**Task item**
Copy exactly the lines of the records below, and only those lines, beginning with the line that contains "CAPT GLENN N." and ending with the line that contains "Faculty panel at First-Gen Summit".

**Task input**
*** Block opens ***
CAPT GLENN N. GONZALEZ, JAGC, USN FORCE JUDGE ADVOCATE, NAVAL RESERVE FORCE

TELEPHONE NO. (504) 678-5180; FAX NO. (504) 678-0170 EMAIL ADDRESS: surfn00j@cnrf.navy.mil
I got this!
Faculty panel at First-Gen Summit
*** Block closes ***
*** Block opens ***
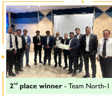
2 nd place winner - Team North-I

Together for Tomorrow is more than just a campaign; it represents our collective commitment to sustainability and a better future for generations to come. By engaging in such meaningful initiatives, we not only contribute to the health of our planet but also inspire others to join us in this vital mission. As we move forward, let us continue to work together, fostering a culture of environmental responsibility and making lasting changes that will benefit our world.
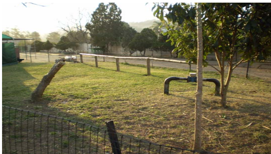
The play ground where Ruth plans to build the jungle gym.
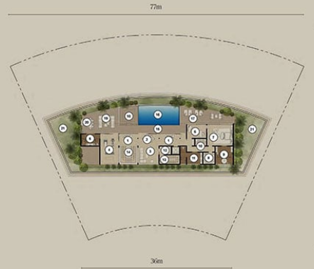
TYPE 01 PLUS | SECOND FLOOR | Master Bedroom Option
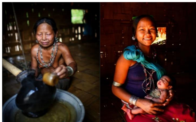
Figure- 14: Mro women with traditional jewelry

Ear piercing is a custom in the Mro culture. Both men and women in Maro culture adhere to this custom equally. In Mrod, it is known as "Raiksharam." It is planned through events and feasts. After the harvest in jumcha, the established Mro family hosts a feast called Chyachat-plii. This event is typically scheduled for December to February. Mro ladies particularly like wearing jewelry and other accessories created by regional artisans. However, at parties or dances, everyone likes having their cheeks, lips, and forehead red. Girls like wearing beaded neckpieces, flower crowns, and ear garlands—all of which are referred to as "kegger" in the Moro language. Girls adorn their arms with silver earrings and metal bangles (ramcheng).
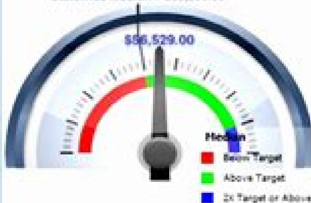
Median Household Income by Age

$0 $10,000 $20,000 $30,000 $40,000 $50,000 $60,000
*** Block closes ***
**Answer section**
CAPT GLENN N. GONZALEZ, JAGC, USN FORCE JUDGE ADVOCATE, NAVAL RESERVE FORCE

TELEPHONE NO. (504) 678-5180; FAX NO. (504) 678-0170 EMAIL ADDRESS: surfn00j@cnrf.navy.mil
I got this!
Faculty panel at First-Gen Summit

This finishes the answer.